Sunday, July 13, 2008

saying goodbye

It has begun...The process of saying goodbye to the people we love is becoming a regular part of life these days.

Tom and I are super excited to move to Korea. We just really have God's peace in this and we know this is what he's calling us to do. All that to say, saying goodbye to America is still extremely difficult. Since we accepted our jobs in February I have not let myself think about the fact that moving to Korea means moving away from friends/family. My focus has been completely on where we are going and not on what we're leaving. Two weeks ago, however, I began to crack. Tom and I visited the Osborne's in Chicago. Right before we left I had to say goodbye to Mary Kate and reality began to creep in...I don't know when I'll see MK again! Tears began to well up in my eyes, but before I would let myself get weepy I decided I just wouldn't allow myself to think about leaving MK. And it worked. I just refused to think about leaving my best friend and I stopped the tears. Success!

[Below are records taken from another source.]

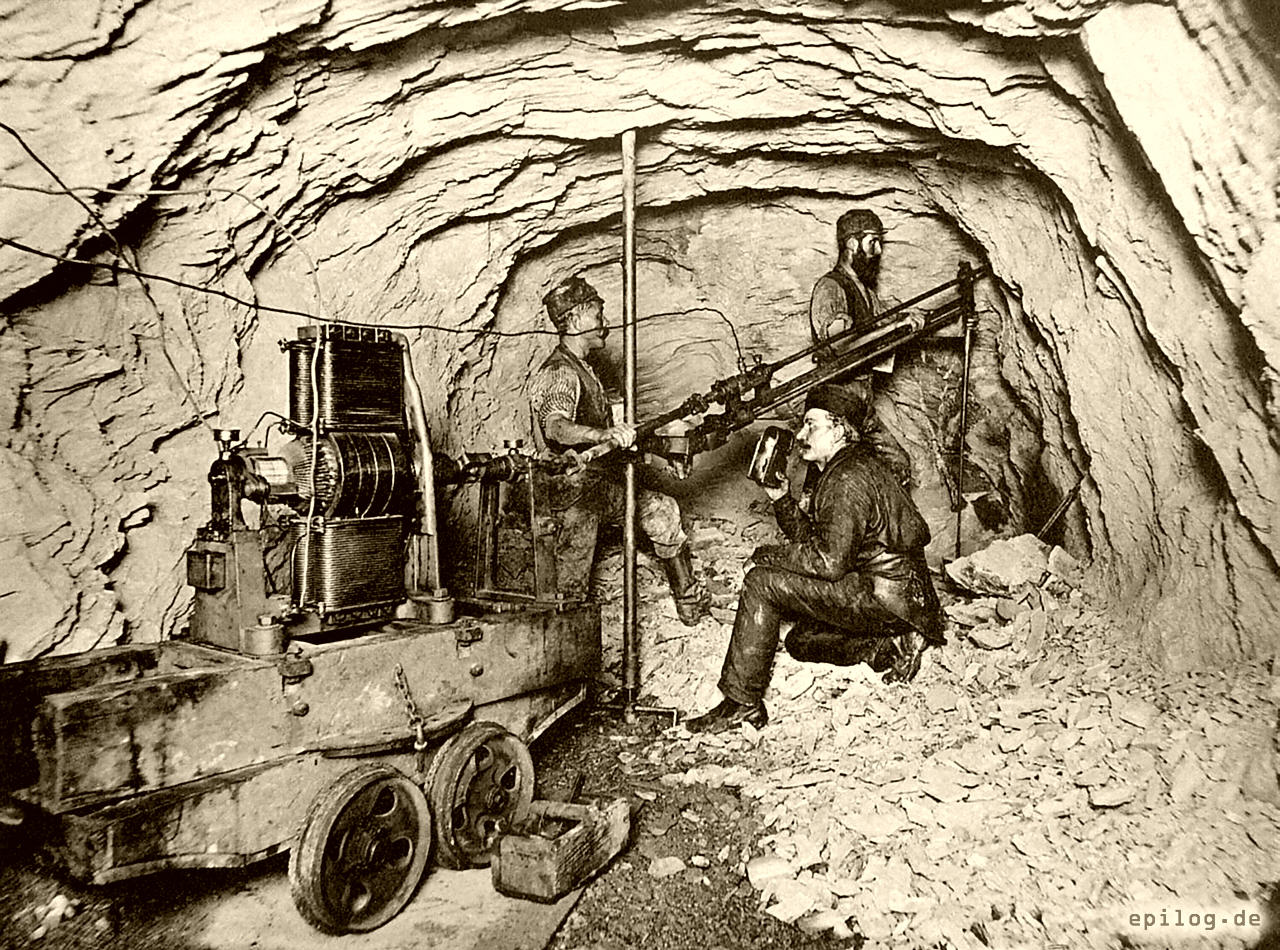 Die Bezeichnung ›schwarze Diamanten‹ hat man sich gewöhnt, in übertragener Bedeutung für die Steinkohlenschätze anzuwenden. Es gibt aber auch wirkliche Diamanten von grauer bis schwarzer Farbe, die um ihrer Härte willen so geschätzten ›Bohrdiamanten‹. Dichtem Koks gleichend, sind sie so unscheinbar als möglich. Aber in Stahlkronen eingesetzt und unter beständiger Wasserspülung bewegt, wirken sie gleich einer Säge, welcher kein Gestein zu widerstehen vermag. Und wie sie dem Geologen vermöge der Tiefbohrungen einen Einblick in das Gebirge oft in Tiefen von über 1000 m hinab vermitteln, so dienen sie hier dem Bergmann beim Betrieb eines Querschlages zur Herstellung von Gesteinssprenglöchern. Der Elektromotor, der den Strom von der oberirdisch aufgestellten Erzeugungsstation empfängt und durch ihn den Bohrer in rasche Umdrehung versetzt, lässt sich, wie man sieht, auf einem Radgestell leicht fortbewegen.
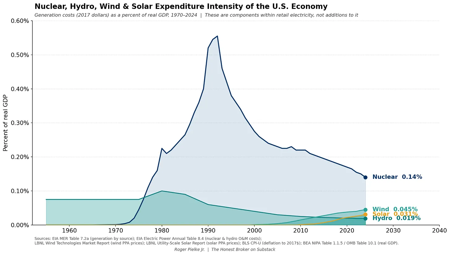 Now consider the entire low-carbon electricity portfolio: In 2024 the expenditure intensity of nuclear, hydro, wind, and solar combined totalled ~0.24% of GDP. That is roughly one eighth of direct spending on fossil fuels, while collectively powering around 40% of U.S. electricity (including nuclear at ~18%, hydro at ~6%, wind at ~10%, and solar at ~7%).
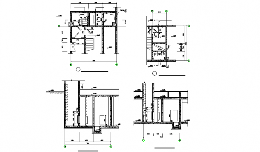 Section garage layout file, dimension detail, naming detail, centre line plan detail, hatching detail, foundation section detail, leveling detail, etc.

This past week we were in Minnesota at Castaway (a beautiful Young Life property). We were adult guests for the week and got to see a lot of our friends who are serving the camp for the entire month. Carly Roach and Christie Reaves (two women I really love) were both there, and right before I had to say goodbye to them I felt really confident. "You know, when I left MK I was able to keep myself from really crying. I can do this! I can be strong! I can say goodbye...no problem!" However, this confident demeanor crumbled when I said goodbye to Carly. I don't even know if I spoke any words to Carly because I became a mess of tears. For the first time in this entire process it fully hit me...man, I am leaving my friends. This is hard. After Carly I pulled myself together and thought I was doing okay. We said goodbye to a few more folks and then we had to say our final goodbye's to Christie and Travis (my YL area director and his wife). At one point Christie said, "I can't imagine Jeff City without my Bonnie." And I just lost it. I was a weepy, weepy mess and I continued to be a weepy mess for the first 30 minutes of our drive home from Minnesota. Saying goodbye is messy.

In the midst of saying goodbye I have noticed a few things: First, I feel so blessed by the friendships I have with people. Leaving is hard only because the relationships we have here are so great. Second, crying is such a funny thing...how weird is it that when we get really emotional water comes out of our eyes? Third, I think it's okay to feel sad at times. What kind of person would I be if I didn't feel sad about leaving these relationships? And really its just a happy-sad feeling because its a sadness that comes from realizing how sweet and beautiful friendships are to us. And lastly, I trust these relationships that I have with people. I feel confident that the only thing that will change in relationships through this move is physical distance. The love will remain, the prayers will remain, the facebook creeping will remain...I really trust all of that.

Besides it's not really goodbye. It's more like (from the words of Desmond from LOST), "see you in another life brother."